## TASK REQUIREMENTS
The answer must be an exact copy of the records, with no pictures in it.

## RECORDS TO USE
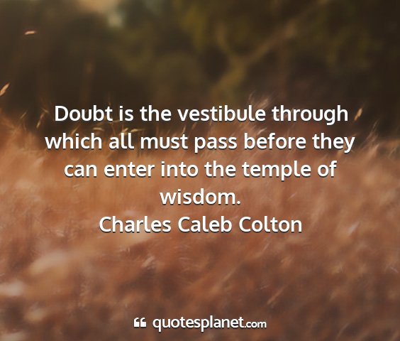 Doubt is the vestibule through which all must pass before they can enter into the temple of wisdom.Charles Caleb Colton
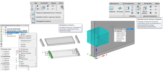 Режимы объединения объектов и динамические булевы операции представлены на рис. 5.
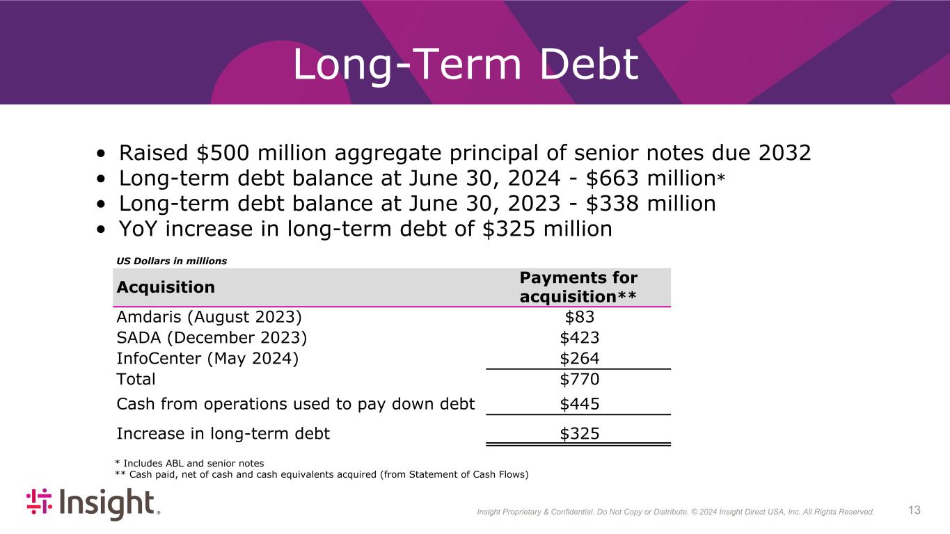 Insight Proprietary & Confidential. Do Not Copy or Distribute. © 2022 Insight Direct USA, Inc. All Rights Reserved. 134 Long-Term Debt US Dollars in millions Acquisition Payments for acquisition** Amdaris (August 2023) $83 SADA (December 2023) $423 InfoCenter (May 2024) $264 Total $770 Cash from operations used to pay down debt $445 Increase in long-term debt $325 • Raised $500 million aggregate principal of senior notes due 2032 • Long-term debt balance at June 30, 2024 - $663 million* • Long-term debt balance at June 30, 2023 - $338 million • YoY increase in long-term debt of $325 million * Includes ABL and senior notes ** Cash paid, net of cash and cash equivalents acquired (from Statement of Cash Flows)
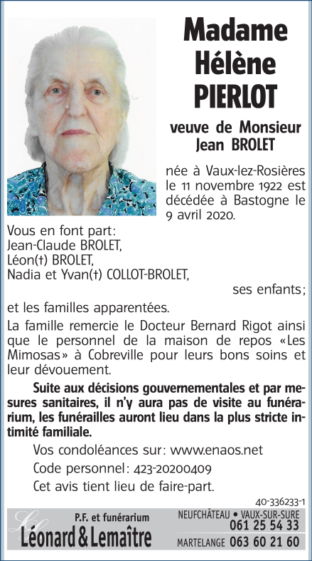 Décédée à Bastogne (6600) le jeudi 9 avril 2020 à l'âge de 97 ans
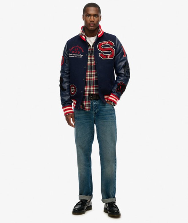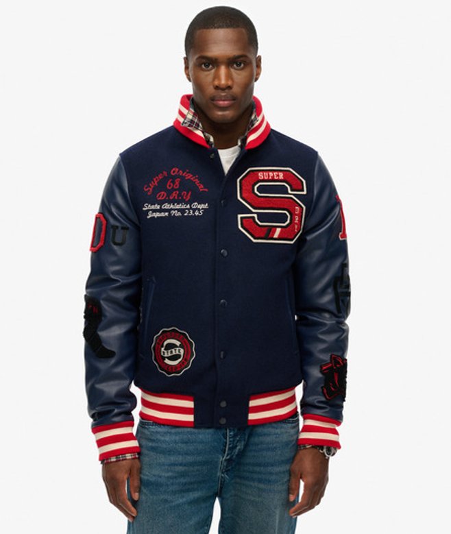 Superdry College Varsity Bomberjack met Patches Blauw
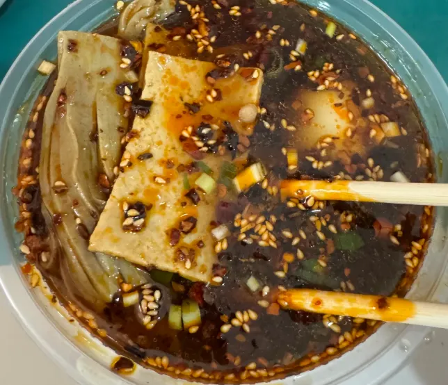 苦荞凉粉:这可是灵丘的一绝。它不是那种只有滑溜口感的凉粉,它是带着一种独特的、微微的苦味,但回甘极快。做法看着简单,其实讲究。把苦荞面调成糊,在锅里熬得透亮,晾凉了切成条。吃的时候,必须得配上当地特制的“烂腌菜”和老陈醋,再泼上一勺红油辣子。一筷子下去,酸、辣、香、凉,顺着喉咙滑下去,那股子爽劲儿,能让人激灵一下。
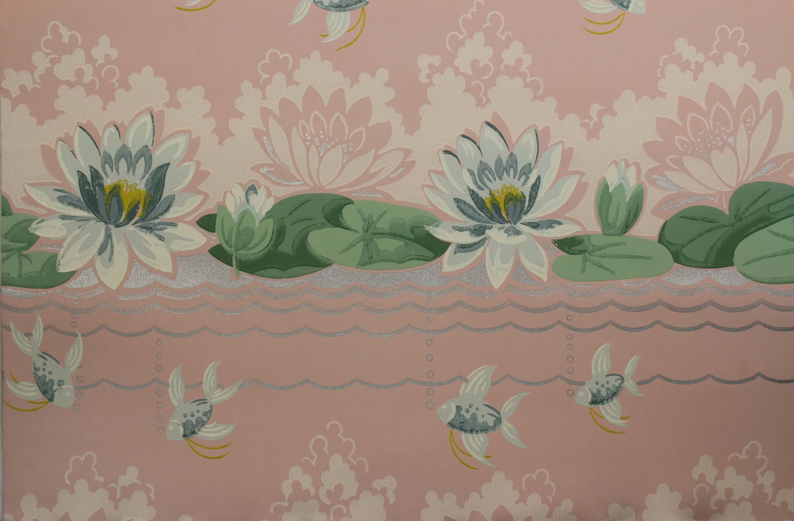 Description: A painting of water lilies and lily pads on a pink background with a gold border and a gold fish.
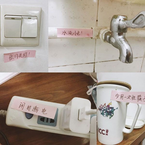 部分同学还在寝室里贴上了节水节电的标签,时刻提醒自己注意节约能源,保护家园。
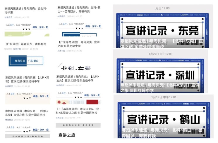 2022年10月,伴隨著正式文件的下達,北京科技大學2023年“把我的大學帶回母校”寒假招生宣傳實踐活動正式展開。北京科技大學12名來自廣東地區的大一大二學生組成“粵向貝殼”分隊,作為北京科技大學的代表向廣東各個地區的高中進行宣傳。此次寒招宣傳活動以“把我的大學帶回母校”為主題,小隊以廣東地區為重心,宣傳方式以網絡傳播為主,線下宣講為輔,充分利用每個成員的優勢,展開有秩序、有計劃、有執行的寒招工作。

## EXERCISE RESULT
 Doubt is the vestibule through which all must pass before they can enter into the temple of wisdom.Charles Caleb Colton
 Режимы объединения объектов и динамические булевы операции представлены на рис. 5.
 Insight Proprietary & Confidential. Do Not Copy or Distribute. © 2022 Insight Direct USA, Inc. All Rights Reserved. 134 Long-Term Debt US Dollars in millions Acquisition Payments for acquisition** Amdaris (August 2023) $83 SADA (December 2023) $423 InfoCenter (May 2024) $264 Total $770 Cash from operations used to pay down debt $445 Increase in long-term debt $325 • Raised $500 million aggregate principal of senior notes due 2032 • Long-term debt balance at June 30, 2024 - $663 million* • Long-term debt balance at June 30, 2023 - $338 million • YoY increase in long-term debt of $325 million * Includes ABL and senior notes ** Cash paid, net of cash and cash equivalents acquired (from Statement of Cash Flows)
 Décédée à Bastogne (6600) le jeudi 9 avril 2020 à l'âge de 97 ans
 Superdry College Varsity Bomberjack met Patches Blauw
 苦荞凉粉:这可是灵丘的一绝。它不是那种只有滑溜口感的凉粉,它是带着一种独特的、微微的苦味,但回甘极快。做法看着简单,其实讲究。把苦荞面调成糊,在锅里熬得透亮,晾凉了切成条。吃的时候,必须得配上当地特制的“烂腌菜”和老陈醋,再泼上一勺红油辣子。一筷子下去,酸、辣、香、凉,顺着喉咙滑下去,那股子爽劲儿,能让人激灵一下。
 Description: A painting of water lilies and lily pads on a pink background with a gold border and a gold fish.
 部分同学还在寝室里贴上了节水节电的标签,时刻提醒自己注意节约能源,保护家园。
 2022年10月,伴隨著正式文件的下達,北京科技大學2023年“把我的大學帶回母校”寒假招生宣傳實踐活動正式展開。北京科技大學12名來自廣東地區的大一大二學生組成“粵向貝殼”分隊,作為北京科技大學的代表向廣東各個地區的高中進行宣傳。此次寒招宣傳活動以“把我的大學帶回母校”為主題,小隊以廣東地區為重心,宣傳方式以網絡傳播為主,線下宣講為輔,充分利用每個成員的優勢,展開有秩序、有計劃、有執行的寒招工作。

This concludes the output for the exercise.